Museum

Home

Lab Overview

Retrotechnology Articles

Online Manuals

⇒ chrtbl(1M) — UnixWare 2.01

Media Vault

Software Library

Restoration Projects

Artifacts Sought

Related Articles

ctype(3C)

environ(5)

setlocale(3C)






       chrtbl(1M)                                                chrtbl(1M)


       NAME
             chrtbl - generate character classification and conversion
             tables

       SYNOPSIS
             chrtbl [file]

       DESCRIPTION
             The chrtbl command creates two tables containing information
             on character classification, upper/lowercase conversion,
             character-set width, and numeric formatting.  One table is an
             array of (257*2) + 7 bytes that is encoded so a table lookup
             can be used to determine the character classification of a
             character, convert a character [see ctype(3C)], and find the
             byte and screen width of a character in one of the
             supplementary code sets.  The other table contains information
             about the format of non-monetary numeric quantities: the first
             byte specifies the decimal delimiter; the second byte
             specifies the thousands delimiter; and the remaining bytes
             comprise a null-terminated string indicating the grouping
             (each element of the string is taken as an integer that
             indicates the number of digits that comprise the current group
             in a formatted non-monetary numeric quantity).

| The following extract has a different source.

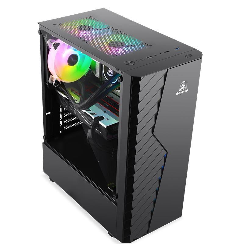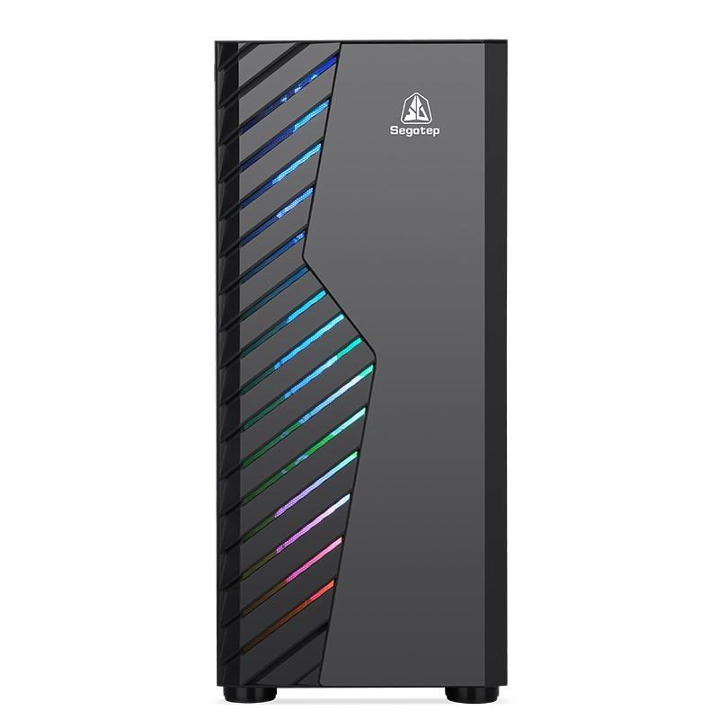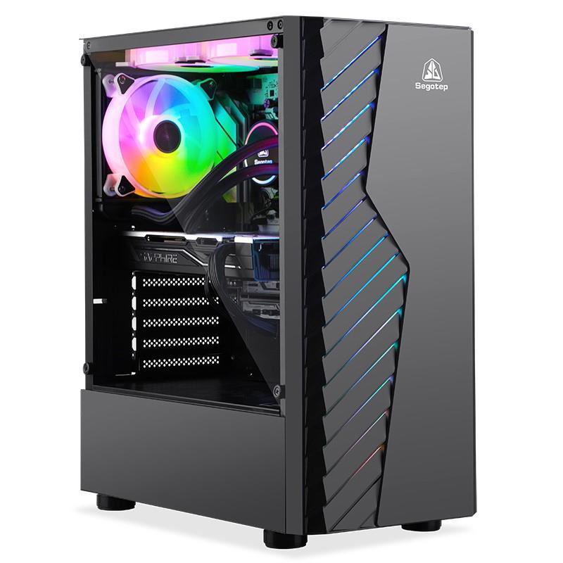 Carcasa Segotep Nova V1 neagra, SPCC Steel ATX Mid Tower, fara sursa (tip ATX, montata jos), interior vopsit negru, 2x 3.5”/2.5”(intern), 1x 3.5” (intern, se moteaza pe power cover), 2×2.5” (intern), design tool-less, fata – 3x 120mm aRGB LED fan (inclus) sau2x 140mm fan (optional), spate – 1x 120mm fan (optional, pozitie ajustabila), tavan – 2x 120mm fan (optional), design premium cupanou lateral din plexiglass, include controller si telecomanda, 1x USB 3.0, 2x USB 2.0, HD Audio, ATX / microATX / Mini-ITX,sloturi expansiune: x7, inaltime maxima cooler procesor: 160mm, lungime maxima placa video: 270mm cu radiator montat sau 300mm fararadiator montat in partea frontala, dimensiuni: 366 x 200 x 456mm

             chrtbl reads the user-defined character classification and
             conversion information from file and creates three output
             files in the current directory.  To construct file, use the
             file supplied in /usr/lib/locale/C/chrtbl_C as a starting
             point.  You may add entries, but do not change the original
             values supplied with the system.  For example, for other
             locales you may wish to add eight-bit entries to the ASCII
             definitions provided in this file.

             One output file, ctype.c (a C language source file), contains
             a (257*2)+7-byte array generated from processing the
             information from file.  You should review the content of
             ctype.c to verify that the array is set up as you had planned.
             (In addition, an application program could use ctype.c.)  The
             first 257 bytes of the array in ctype.c are used for character
             classification.  The characters used for initializing these
             bytes of the array represent character classifications that
             are defined in ctype.h; for example, _L means a character is
             lowercase and _S|_B means the character is both a spacing
             character and a blank.  The second 257 bytes of the array are
             used for character conversion.  These bytes of the array are
             initialized so that characters for which you do not provide


                           Copyright 1994 Novell, Inc.               Page 1













      chrtbl(1M)                                                chrtbl(1M)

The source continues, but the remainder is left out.